An entity can apply for one of these declarations. While the application is awaiting decision, the statement and notification provisions do not apply in relation to the relevant eligible data breach. The Commissioner may also refuse the application. The legislation also allows the Commissioner to extend a period previously specified in a declaration.

The Commissioner also has a separate power to direct an entity to notify an eligible data breach. This matters where the regulator forms the view that the legal threshold has been met and the entity has not taken the required steps on its own initiative.

There are also express statutory exceptions. The scheme does not apply where the relevant access, disclosure or loss has been, or is required to be, notified under section 75 of the My Health Records Act 2012. There is an exception for enforcement bodies where the chief executive officer reasonably believes compliance with the individual notification provision would be likely to prejudice enforcement related activities. There are also exceptions where compliance would be inconsistent with certain Commonwealth secrecy provisions.

These exceptions are specific and should not be assumed. A business should check carefully whether the exact statutory conditions are met before relying on them.

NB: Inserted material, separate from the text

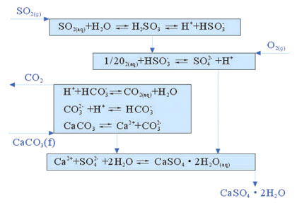 要該工藝主反應(yīng)為煙氣中的SO2先溶解于吸收漿液中,并離解成H+和SO32-(HSO3-)然后向液體相擴(kuò)散。同時(shí),在吸收塔底部的吸收氧化槽,CaCO3在酸性環(huán)境下溶解,生成Ca2+和HCO3-(CO32-),鼓入足夠的空氣將SO32-(HSO3-)強(qiáng)制氧化成SO42-,并最終生成(CaSO4·2H2O),主要過程反應(yīng)過程式如下:

The Act provides that if an entity contravenes the assessment duty, the statement duty, the notification duty, or a Commissioner direction provision listed in the amendment, that contravention is taken to be an interference with the privacy of an individual. That links non-compliance with the broader enforcement framework of the Privacy Act.

For businesses, the most useful way to read this legislation is as a checklist for readiness. You should know whether your organisation is in scope, what information holdings could trigger the scheme, who decides whether there are reasonable grounds to suspect or believe a breach, how the 30 day assessment clock is tracked, what containment actions are available, and how statements and notifications will be approved and sent.

You should also review contracts with service providers, cloud vendors and overseas recipients. The deemed holding rules and multi-entity provisions mean responsibility can sit in places that are not obvious from a purely technical view of where the data is stored. Internal records of incidents, assessments, remedial action and notification decisions are also important, especially where you conclude that notification is not required because serious harm is not likely or because remedial action changed the outcome.

The Act received Royal Assent on 22 February 2017. Sections 1 to 3 commenced on that day. Schedule 1, which inserted the notifiable data breach amendments into the Privacy Act 1988, commenced on 22 February 2018 under the commencement table.

The title is listed as in force on the Federal Register of Legislation. Businesses should still check the current consolidated Privacy Act 1988 and any later amendments before relying on a summary page, especially because privacy law reform can affect the broader compliance landscape around the notifiable data breach scheme.